*** Collected material Section Begins ***

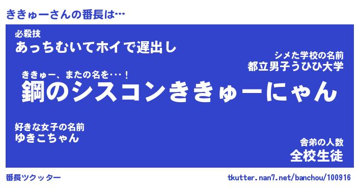 | 肩書あだ名 | 『ききゅー御曹司』『ききゅー国家主席』 |
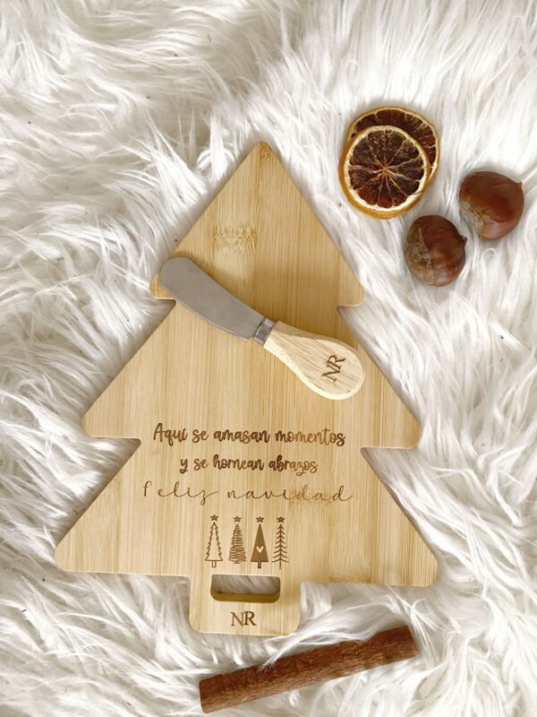 - Tanto la tabla como el cubierto viene personalizado con tus iniciales y nombre (según nos indiques) y una bonita frase navideña.
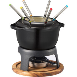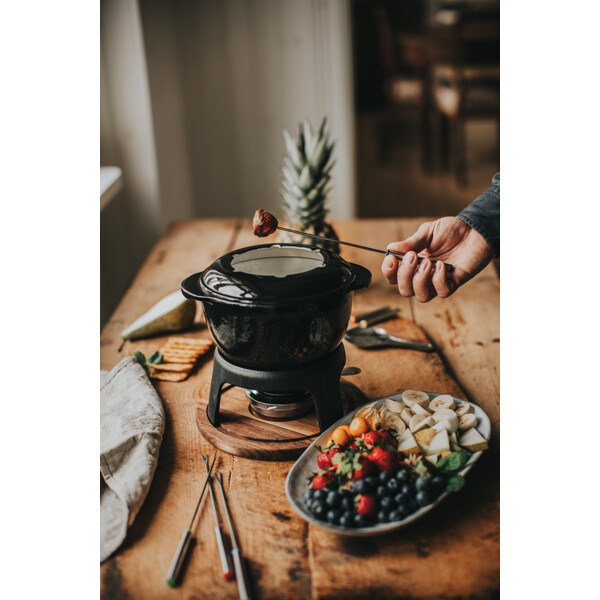 Fonda fondue i solid støpejern med en vakker treplate i akasietre lar deg nyte en koselig middag med familie og venner.
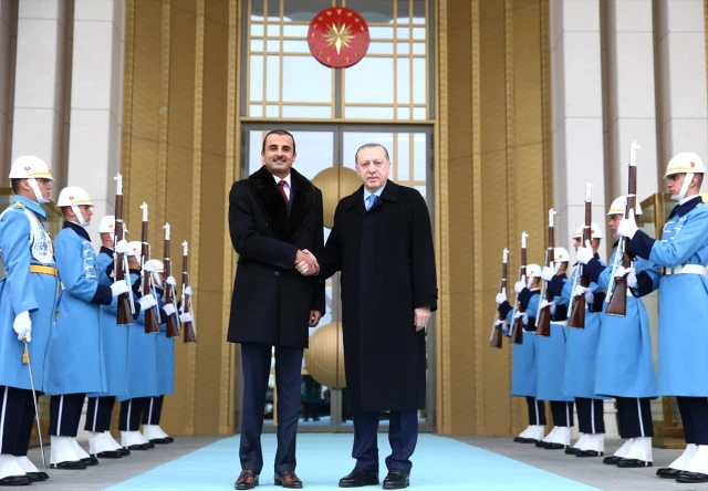 Cumhurbaşkanı Erdoğan, çalışma ziyareti için Türkiye'de bulunan Emir Al Sani'yi Cumhurbaşkanlığı Külliyesi'nin kapısında karşıladı.

*** Collected material Section Ends ***

Exercise brief:
I'd like the lines above repeated exactly, from the one that contains "- Tanto la tabla" through the one that contains "Fonda fondue i", with no pictures.

Output:
 - Tanto la tabla como el cubierto viene personalizado con tus iniciales y nombre (según nos indiques) y una bonita frase navideña.
 Fonda fondue i solid støpejern med en vakker treplate i akasietre lar deg nyte en koselig middag med familie og venner.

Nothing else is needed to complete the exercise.